Some images, for example 11-bit panchromatic images or SAR imagery with floating point complex data, can not be
displayed directly without remapping the pixels into an 8-bit per pixel grayscale or RGB color model. The TileFactory
supports creation of tiles suitable for human review by setting both the output_type and range_adjustment options.

```python
viz_tile_factory = GDALTileFactory(ds,
                                   sensor_model,
                                   GDALImageFormats.PNG,
                                   GDALCompressionOptions.NONE,
                                   output_type=gdalconst.GDT_Byte,
                                   range_adjustment=RangeAdjustmentType.DRA)

viz_tile = viz_tile_factory.create_encoded_tile([0, 0, 1024, 1024])
```

### More Precise Sensor Models

OversightML provides implementations of the Replacement Sensor Model (RSM), Rational Polynomial
Camera (RPC), and Sensor Independent Complex Data (SICD) sensor models to assist in geo positioning.
When loading a dataset, the toolkit will construct the most accurate sensor model
from the available image metadata.
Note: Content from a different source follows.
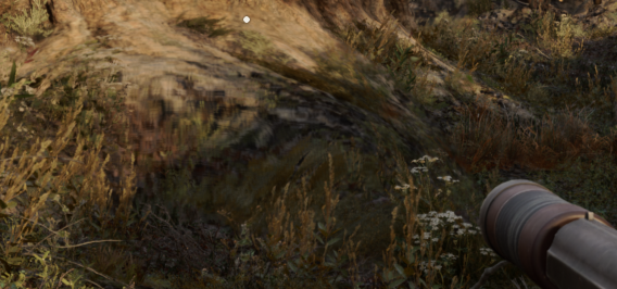 Графика в игре отличная, но реализация некоторых вещей просто ублюдская. Одно из них - это лужи натянутые на текстуры поверхности. Там нет воды. Просто текстура воды с отражением, ноль физики/следов/звука/разводов. Фонарь и его отражение в окнах тоже на коленке сделали.

That sensor model can be used in conjunction with an optional
elevation model to convert between image and geodetic coordinates.

```python
ds, sensor_model = load_gdal_dataset("./imagery/sample.nitf")
elevation_model = DigitalElevationModel(
    SRTMTileSet(version="1arc_v3"),
    GDALDigitalElevationModelTileFactory("./local-SRTM-tiles"))

# Note the order of ImageCoordinate is (x, y)
geodetic_location_of_ul_corner = sensor_model.image_to_world(
    ImageCoordinate([0, 0]),
    elevation_model=elevation_model)

lon_degrees = -77.404453
lat_degrees = 38.954831
meters_above_ellipsoid = 100.0

image_location = sensor_model.world_to_image(
    GeodeticWorldCoordinate([radians(lon_degrees),
                             radians(lat_degrees),
                             meters_above_ellipsoid]))
```

## Contributing

This project welcomes contributions and suggestions. If you would like to submit a pull request, see our
[Contribution Guide](CONTRIBUTING.md) for more information.

## Security

See [CONTRIBUTING](CONTRIBUTING.md#security-issue-notifications) for more information.

## License

This library is licensed under the MIT-0 License. See the [LICENSE](LICENSE) file.